Before investing in commodity futures one should be aware of the basic approaches, sometimes known as positions, to adopt. There are two basic positions for trading in commodities known as long and short positions.

Due to high volatility in commodities market, it is important for an investor to understand the difference between the long and short positions. These positions can be taken on the basis of our assumptions whether the price of commodity will go up or will move down.

Long position in commodity futures trading conveys the buying of any commodity first with the expectation of rise in value of that commodity. This can be done by entering into any commodity futures contract. To offset a long position, you need to sell the same contract before it expires. If the contract is not sold before it expires then it will result in physical delivery of the product.

You should go for 'buying long' approach when you feel that the price of commodity will appreciate in near future.
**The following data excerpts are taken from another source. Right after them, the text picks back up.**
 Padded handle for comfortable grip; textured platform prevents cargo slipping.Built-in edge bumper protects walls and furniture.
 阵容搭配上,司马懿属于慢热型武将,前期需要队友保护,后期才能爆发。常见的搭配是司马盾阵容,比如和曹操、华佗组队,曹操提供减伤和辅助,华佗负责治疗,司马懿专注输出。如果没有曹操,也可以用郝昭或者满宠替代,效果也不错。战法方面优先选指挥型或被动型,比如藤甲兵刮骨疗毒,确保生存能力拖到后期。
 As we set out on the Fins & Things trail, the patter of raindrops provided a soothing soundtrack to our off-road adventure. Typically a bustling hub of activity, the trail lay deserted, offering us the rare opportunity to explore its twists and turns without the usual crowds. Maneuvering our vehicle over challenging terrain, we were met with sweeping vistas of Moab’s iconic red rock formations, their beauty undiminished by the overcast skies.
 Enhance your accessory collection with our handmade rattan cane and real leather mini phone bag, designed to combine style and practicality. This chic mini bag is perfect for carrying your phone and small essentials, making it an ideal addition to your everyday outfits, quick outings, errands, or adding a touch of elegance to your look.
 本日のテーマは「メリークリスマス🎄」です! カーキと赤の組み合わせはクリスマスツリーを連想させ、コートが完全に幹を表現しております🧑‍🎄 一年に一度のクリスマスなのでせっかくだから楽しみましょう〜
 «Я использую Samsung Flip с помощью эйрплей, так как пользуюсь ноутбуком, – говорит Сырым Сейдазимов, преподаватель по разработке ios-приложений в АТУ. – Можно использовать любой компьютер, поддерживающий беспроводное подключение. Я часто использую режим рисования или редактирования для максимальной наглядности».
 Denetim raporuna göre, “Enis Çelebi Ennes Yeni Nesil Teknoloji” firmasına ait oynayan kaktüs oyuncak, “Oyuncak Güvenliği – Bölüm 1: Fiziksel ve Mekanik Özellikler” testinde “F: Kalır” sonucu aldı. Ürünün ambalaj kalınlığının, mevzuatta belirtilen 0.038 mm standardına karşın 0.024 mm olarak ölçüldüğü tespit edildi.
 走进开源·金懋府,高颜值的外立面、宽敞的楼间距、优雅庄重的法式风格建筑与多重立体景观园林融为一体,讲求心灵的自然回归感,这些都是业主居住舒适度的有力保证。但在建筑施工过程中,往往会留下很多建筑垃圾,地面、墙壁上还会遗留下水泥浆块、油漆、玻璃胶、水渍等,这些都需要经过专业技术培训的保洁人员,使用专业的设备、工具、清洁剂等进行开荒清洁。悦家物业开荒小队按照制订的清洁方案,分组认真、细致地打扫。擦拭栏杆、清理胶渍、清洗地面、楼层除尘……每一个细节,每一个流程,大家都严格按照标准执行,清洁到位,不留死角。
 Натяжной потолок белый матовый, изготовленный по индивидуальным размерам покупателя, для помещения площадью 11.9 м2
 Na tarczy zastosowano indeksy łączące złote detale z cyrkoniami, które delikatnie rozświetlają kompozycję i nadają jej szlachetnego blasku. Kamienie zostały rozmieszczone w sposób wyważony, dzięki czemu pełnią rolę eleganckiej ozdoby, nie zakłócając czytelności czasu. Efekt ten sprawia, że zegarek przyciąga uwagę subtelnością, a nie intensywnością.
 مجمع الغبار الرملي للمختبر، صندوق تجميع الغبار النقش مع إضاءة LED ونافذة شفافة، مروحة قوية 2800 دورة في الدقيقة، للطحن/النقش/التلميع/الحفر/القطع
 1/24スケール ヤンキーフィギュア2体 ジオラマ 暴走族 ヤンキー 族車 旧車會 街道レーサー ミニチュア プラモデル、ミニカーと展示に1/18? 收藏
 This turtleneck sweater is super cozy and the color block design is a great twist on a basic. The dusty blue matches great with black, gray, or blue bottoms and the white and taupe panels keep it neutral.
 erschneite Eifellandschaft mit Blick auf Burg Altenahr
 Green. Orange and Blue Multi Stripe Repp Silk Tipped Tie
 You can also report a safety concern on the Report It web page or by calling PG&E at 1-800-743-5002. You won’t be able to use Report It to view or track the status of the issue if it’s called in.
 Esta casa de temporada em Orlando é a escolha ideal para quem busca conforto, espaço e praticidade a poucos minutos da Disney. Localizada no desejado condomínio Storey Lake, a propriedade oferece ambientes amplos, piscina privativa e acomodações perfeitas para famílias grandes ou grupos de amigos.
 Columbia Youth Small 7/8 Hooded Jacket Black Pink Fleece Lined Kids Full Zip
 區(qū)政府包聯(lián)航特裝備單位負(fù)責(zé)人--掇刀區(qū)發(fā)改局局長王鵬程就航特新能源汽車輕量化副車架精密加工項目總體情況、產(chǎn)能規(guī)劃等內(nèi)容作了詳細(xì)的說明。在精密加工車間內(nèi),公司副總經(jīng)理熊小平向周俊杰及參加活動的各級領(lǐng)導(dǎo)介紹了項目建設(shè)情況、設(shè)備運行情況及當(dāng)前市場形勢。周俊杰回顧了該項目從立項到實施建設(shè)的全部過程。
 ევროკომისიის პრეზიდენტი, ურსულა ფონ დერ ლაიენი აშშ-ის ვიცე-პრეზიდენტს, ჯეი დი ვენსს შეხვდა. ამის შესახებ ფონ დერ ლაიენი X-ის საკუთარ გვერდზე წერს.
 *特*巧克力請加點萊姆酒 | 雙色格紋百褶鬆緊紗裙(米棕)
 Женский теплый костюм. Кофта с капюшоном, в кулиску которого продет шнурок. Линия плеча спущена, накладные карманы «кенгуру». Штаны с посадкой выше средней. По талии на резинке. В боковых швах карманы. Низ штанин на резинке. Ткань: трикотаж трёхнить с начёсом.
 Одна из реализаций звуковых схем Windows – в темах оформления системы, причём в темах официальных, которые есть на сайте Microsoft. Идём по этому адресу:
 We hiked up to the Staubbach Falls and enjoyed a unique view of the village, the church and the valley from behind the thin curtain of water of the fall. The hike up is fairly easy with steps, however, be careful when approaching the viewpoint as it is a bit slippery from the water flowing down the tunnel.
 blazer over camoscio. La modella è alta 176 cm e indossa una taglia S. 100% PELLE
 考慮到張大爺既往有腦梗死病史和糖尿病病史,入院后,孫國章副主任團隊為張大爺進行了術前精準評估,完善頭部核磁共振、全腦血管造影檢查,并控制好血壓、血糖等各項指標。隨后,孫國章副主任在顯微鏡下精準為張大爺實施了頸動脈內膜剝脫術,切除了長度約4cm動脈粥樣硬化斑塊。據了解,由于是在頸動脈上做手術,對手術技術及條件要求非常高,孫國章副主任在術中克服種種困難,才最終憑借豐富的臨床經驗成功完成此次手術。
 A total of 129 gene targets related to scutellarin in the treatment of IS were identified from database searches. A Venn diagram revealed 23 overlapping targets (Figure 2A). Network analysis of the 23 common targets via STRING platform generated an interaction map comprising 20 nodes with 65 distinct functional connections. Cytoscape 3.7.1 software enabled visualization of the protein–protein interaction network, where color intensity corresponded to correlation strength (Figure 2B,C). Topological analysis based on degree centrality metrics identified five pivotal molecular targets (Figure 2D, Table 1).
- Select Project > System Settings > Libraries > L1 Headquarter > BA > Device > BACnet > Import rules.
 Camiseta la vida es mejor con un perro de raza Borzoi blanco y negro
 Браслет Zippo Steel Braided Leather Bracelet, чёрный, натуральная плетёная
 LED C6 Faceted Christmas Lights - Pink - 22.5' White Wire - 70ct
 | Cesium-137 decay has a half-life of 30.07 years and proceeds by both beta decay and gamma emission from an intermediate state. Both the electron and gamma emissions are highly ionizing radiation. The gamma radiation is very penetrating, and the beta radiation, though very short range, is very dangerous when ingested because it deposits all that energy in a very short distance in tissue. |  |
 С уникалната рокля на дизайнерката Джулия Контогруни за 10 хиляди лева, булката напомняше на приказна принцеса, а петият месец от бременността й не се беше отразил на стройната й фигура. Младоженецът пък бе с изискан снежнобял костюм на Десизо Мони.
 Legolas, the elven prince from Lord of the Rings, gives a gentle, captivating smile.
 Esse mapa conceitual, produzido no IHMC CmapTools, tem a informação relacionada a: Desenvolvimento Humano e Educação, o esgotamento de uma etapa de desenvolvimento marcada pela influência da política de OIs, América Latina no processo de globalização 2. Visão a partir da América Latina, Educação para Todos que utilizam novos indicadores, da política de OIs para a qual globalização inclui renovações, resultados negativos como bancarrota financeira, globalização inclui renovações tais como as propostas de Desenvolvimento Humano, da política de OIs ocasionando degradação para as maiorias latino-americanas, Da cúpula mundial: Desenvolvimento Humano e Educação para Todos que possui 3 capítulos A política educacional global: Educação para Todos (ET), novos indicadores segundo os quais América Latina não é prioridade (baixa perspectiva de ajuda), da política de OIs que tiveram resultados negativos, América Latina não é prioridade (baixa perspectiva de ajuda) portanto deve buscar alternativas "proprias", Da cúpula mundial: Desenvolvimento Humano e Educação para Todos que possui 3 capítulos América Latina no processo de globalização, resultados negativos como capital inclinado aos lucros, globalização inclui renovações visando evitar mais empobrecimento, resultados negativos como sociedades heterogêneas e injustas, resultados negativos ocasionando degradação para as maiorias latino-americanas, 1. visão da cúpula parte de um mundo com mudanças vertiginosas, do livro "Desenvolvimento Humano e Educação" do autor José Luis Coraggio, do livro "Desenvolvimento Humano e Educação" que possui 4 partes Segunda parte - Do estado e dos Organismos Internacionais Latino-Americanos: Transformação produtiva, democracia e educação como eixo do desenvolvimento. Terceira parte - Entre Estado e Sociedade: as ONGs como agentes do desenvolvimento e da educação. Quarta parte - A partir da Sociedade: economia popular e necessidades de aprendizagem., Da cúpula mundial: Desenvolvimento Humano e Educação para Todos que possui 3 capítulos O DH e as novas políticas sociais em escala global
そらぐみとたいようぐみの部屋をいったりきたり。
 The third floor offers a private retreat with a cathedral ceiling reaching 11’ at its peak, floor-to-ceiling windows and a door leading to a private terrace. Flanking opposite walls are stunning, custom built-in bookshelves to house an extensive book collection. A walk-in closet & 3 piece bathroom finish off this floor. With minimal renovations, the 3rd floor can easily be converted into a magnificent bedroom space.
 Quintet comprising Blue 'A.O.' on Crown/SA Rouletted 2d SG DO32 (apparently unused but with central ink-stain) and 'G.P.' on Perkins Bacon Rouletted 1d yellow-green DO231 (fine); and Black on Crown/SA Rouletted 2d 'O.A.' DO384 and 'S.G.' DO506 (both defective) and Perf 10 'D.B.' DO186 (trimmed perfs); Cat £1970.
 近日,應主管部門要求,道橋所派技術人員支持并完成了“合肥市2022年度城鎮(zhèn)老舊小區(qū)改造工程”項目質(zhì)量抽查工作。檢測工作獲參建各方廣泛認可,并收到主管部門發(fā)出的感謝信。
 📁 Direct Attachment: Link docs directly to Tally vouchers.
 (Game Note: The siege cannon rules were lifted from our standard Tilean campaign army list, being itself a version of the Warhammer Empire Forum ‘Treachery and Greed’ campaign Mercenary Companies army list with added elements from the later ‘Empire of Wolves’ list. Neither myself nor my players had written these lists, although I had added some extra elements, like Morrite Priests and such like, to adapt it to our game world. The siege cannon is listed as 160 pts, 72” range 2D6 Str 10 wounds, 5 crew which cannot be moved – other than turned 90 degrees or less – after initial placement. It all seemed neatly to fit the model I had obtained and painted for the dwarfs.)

The buying long strategy turns out to be profitable if the commodity appreciates in its value during the holding period of that contract.

Typically, hedgers go for long approach to hedge against the price rise. For example, if Airline company expects price of oil will rise in future, which may affect its purchases. It will go for buying long crude oil futures to hedge against the price rise.

A short position in commodity futures trading implies the selling short a commodity futures first and then offsetting by buying the same on a later date. Sell short strategy can be adopted when the expectation is that the price of commodity will decline in near future. A short position is of course opposite of a long position.

You need to enter into a futures contract if you want to sell short any commodity. The selling short position turns out to be profitable if the underlying commodity depreciates in its value during the holding period of that contract.

You may also incur loss if the resulting purchase price is greater than the original sale price. Unlike Long position, you receive the physical delivery in case you haven't squared off the future contract, in short position you will have to make the physical delivery if you do not square off the future contract.

So, its very important to analyse fundamentals before entering into short position.